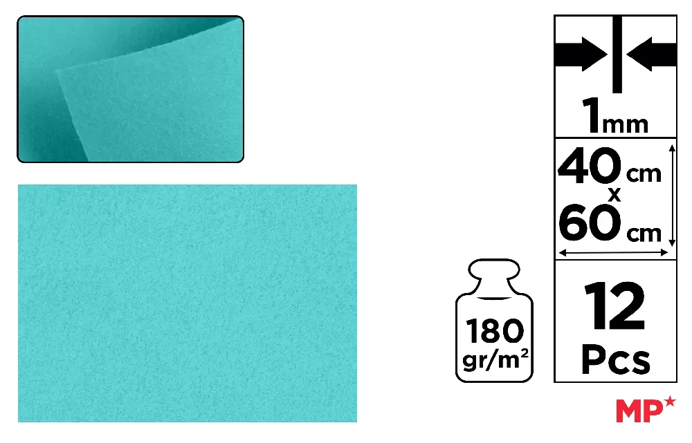 FEUTRINE 40 x 60 cm COULEUR TURQUOISE
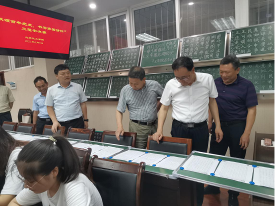 党史学习教育系列活动之“歌颂百年党史 书写家国情怀”三笔字大赛决赛在化学实验楼407会议室举行。副校长刘彦明到现指导。
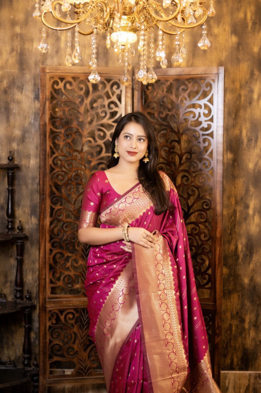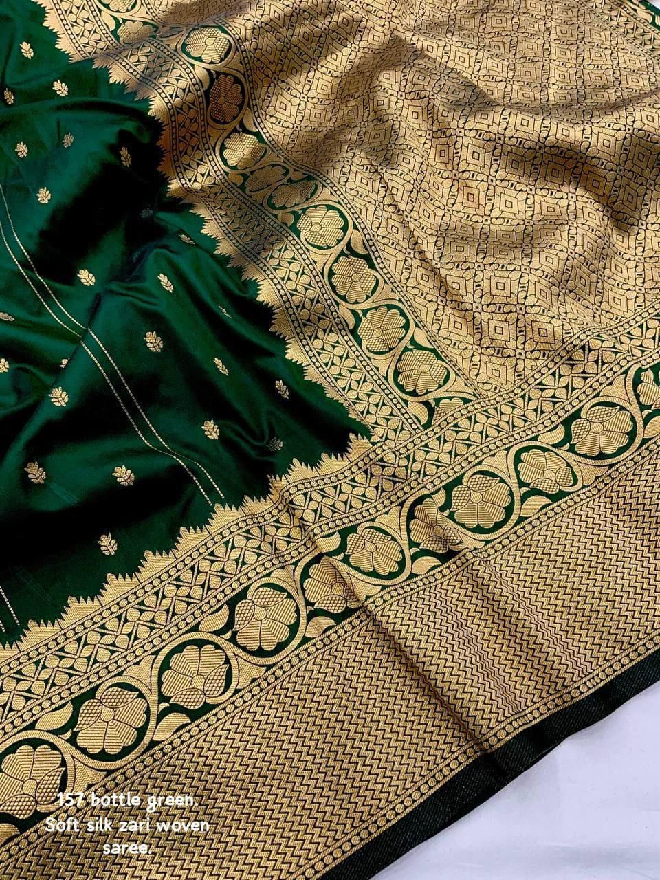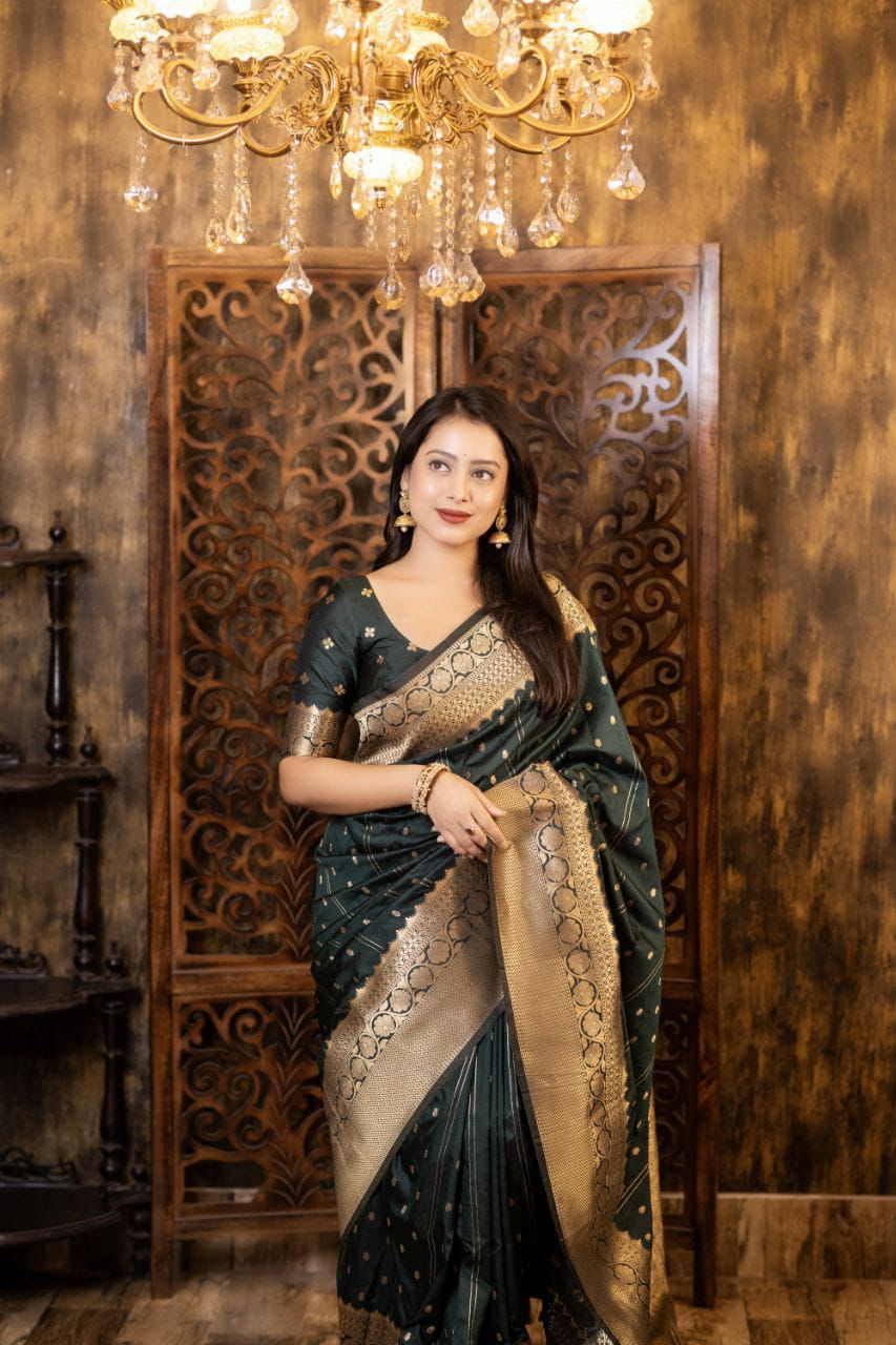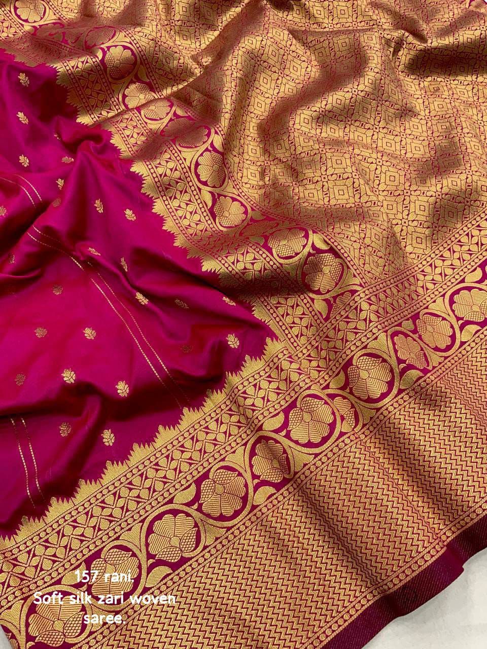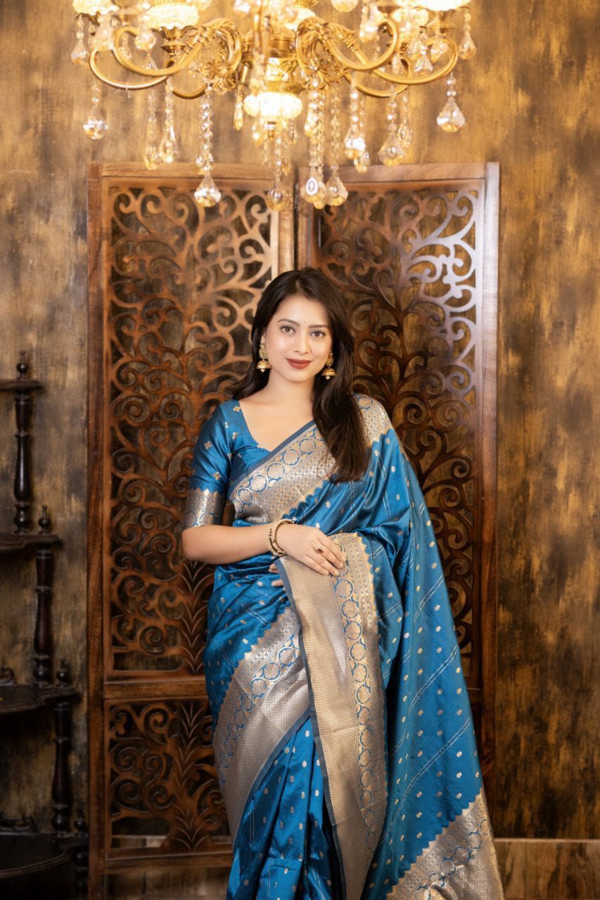 Elevate your ethnic wardrobe with this Soft Silk Zari Woven Saree, designed with elegant Leheriya-style butti weaving that brings a subtle blend of tradition and sophistication. The rich silk fabric offers a luxurious sheen and soft drape, making it ideal for festive occasions, weddings, and cultural celebrations.
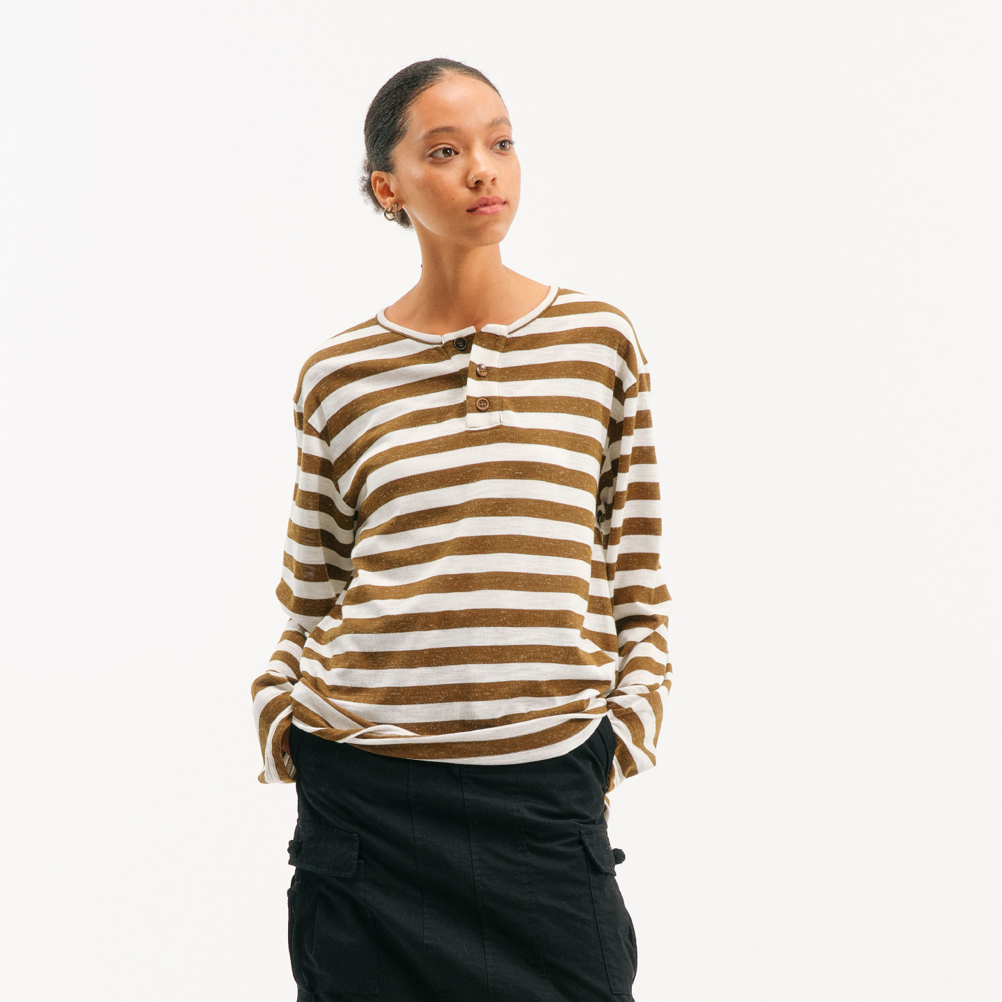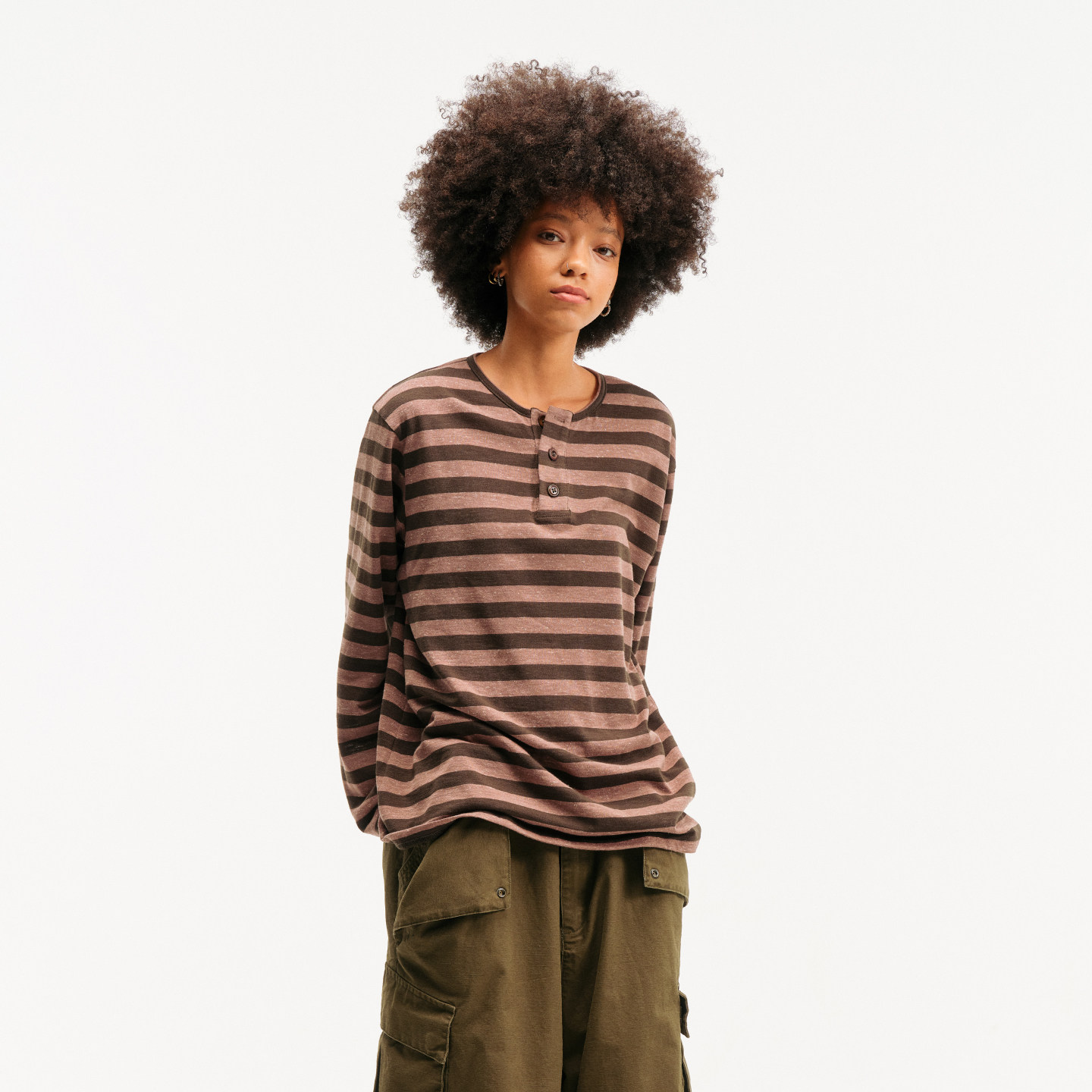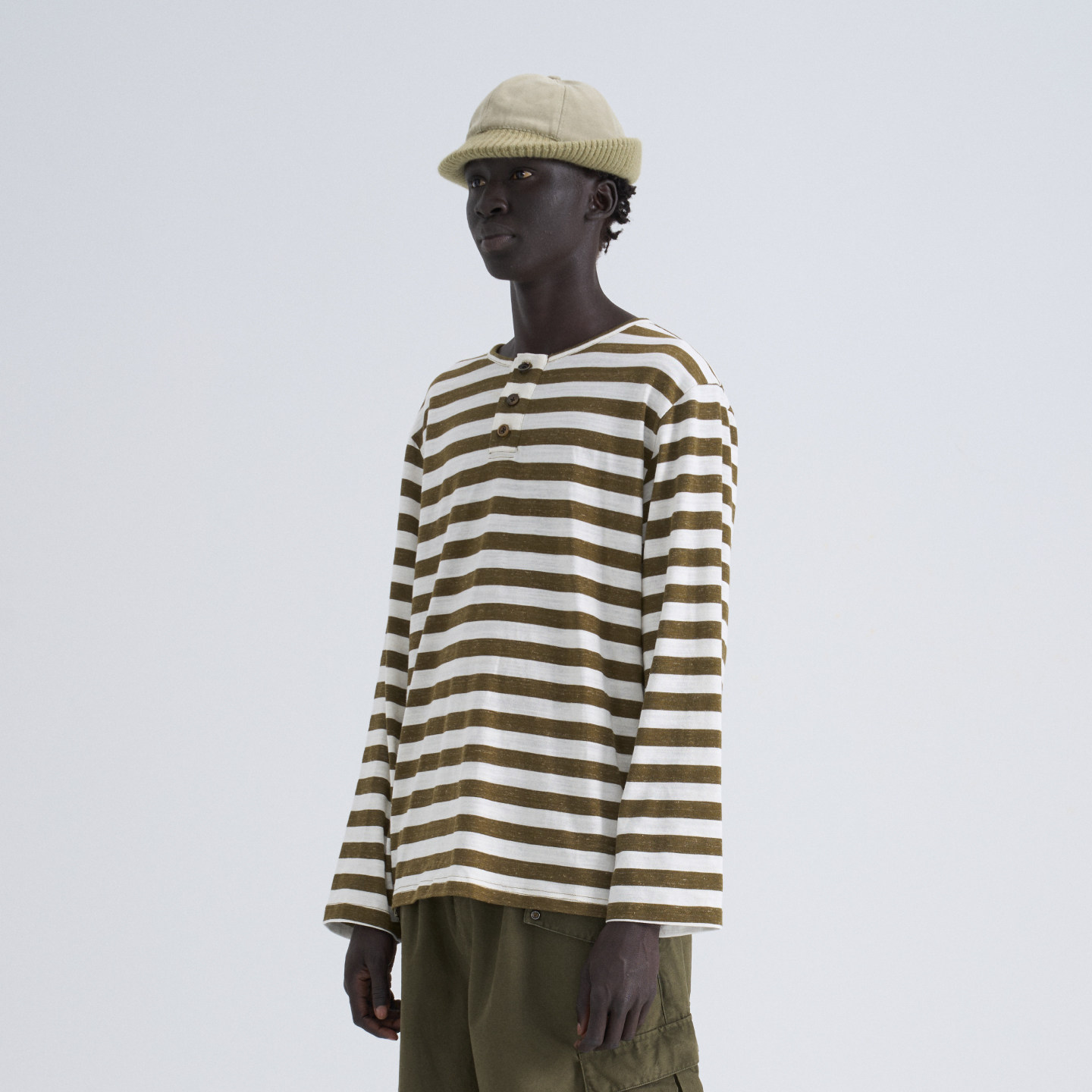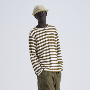 亨利领撞色拼接透气T恤百搭男女 日系复古亚麻条纹长袖 TIRES 25AW
----------
● **Task description**:
In the printed copy, the material above must appear unchanged and without its pictures.

● **Written answer**:
 FEUTRINE 40 x 60 cm COULEUR TURQUOISE
 党史学习教育系列活动之“歌颂百年党史 书写家国情怀”三笔字大赛决赛在化学实验楼407会议室举行。副校长刘彦明到现指导。
 Elevate your ethnic wardrobe with this Soft Silk Zari Woven Saree, designed with elegant Leheriya-style butti weaving that brings a subtle blend of tradition and sophistication. The rich silk fabric offers a luxurious sheen and soft drape, making it ideal for festive occasions, weddings, and cultural celebrations.
 亨利领撞色拼接透气T恤百搭男女 日系复古亚麻条纹长袖 TIRES 25AW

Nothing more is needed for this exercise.